I realize this update is not what some of you have been waiting for and I’m sorry for that. Let me add that to the tip of my 2010 regrets pile before I sweep them out the door, never to obsess over again. I have to keep my front porch clean and open to new possibilities, you see.

My father-in-law Jim, a doctor, has just prescribed a treatment of 2 rice krispies treats to be taken over the next 4 hours and I need to get on that. If I don’t see you around for awhile, take good care of yourself.
xoxo
Leah

Humongous Thank You

Friends,

I can’t express how much your notes, emails, texts, messages, love, support and prayers have meant to me this past week. Joe printed everything out and brought them to me in the hospital. Every night it was like a surge of encouragement to work hard and keep going.

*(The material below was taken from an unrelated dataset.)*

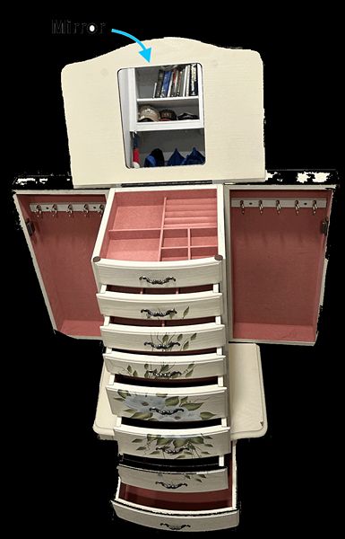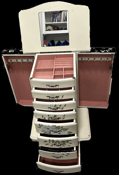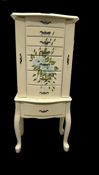 Beautiful large, hand-painted Jewelry Armoire. 12” deep, 17” wide, 40” tall (closed position) 1 large drawer, 3 medium sized drawers, 3 small drawers. 2 side doors for hanging neclases, 1 top box for rings, ear rings, etc.) We have moved and no longer have room for it. Very good condition. Conroe (FM1488 & Old Conroe Rd) Text 832-326-3119.
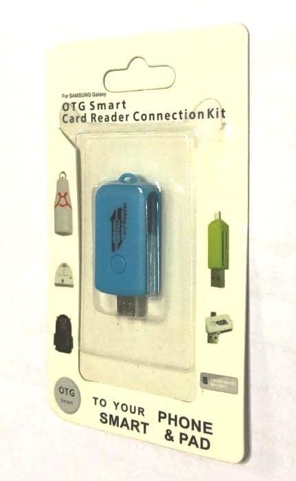 Generic - محول Micro الى USB او تي جي مع قارئ كارت ذاكرة / مدخل V8 ومخرج USB لون ازرق

My meds are still being fine-tuned. I’m a little up and down. I occasionally get a wave of hopelessness that dissipates in a few minutes, but the lithium is definitely making a difference.

I’m not quite ready to jump back into regular life, but I am sticking a few toes in.

I would be dead if it wasn’t for Joe. He saved my life and continues to do so. He’s gentle and sincere and kind and loving and I can’t believe how lucky I am to have him as a partner in life.

I’m still processing everything that’s happened. I’ll write more next week.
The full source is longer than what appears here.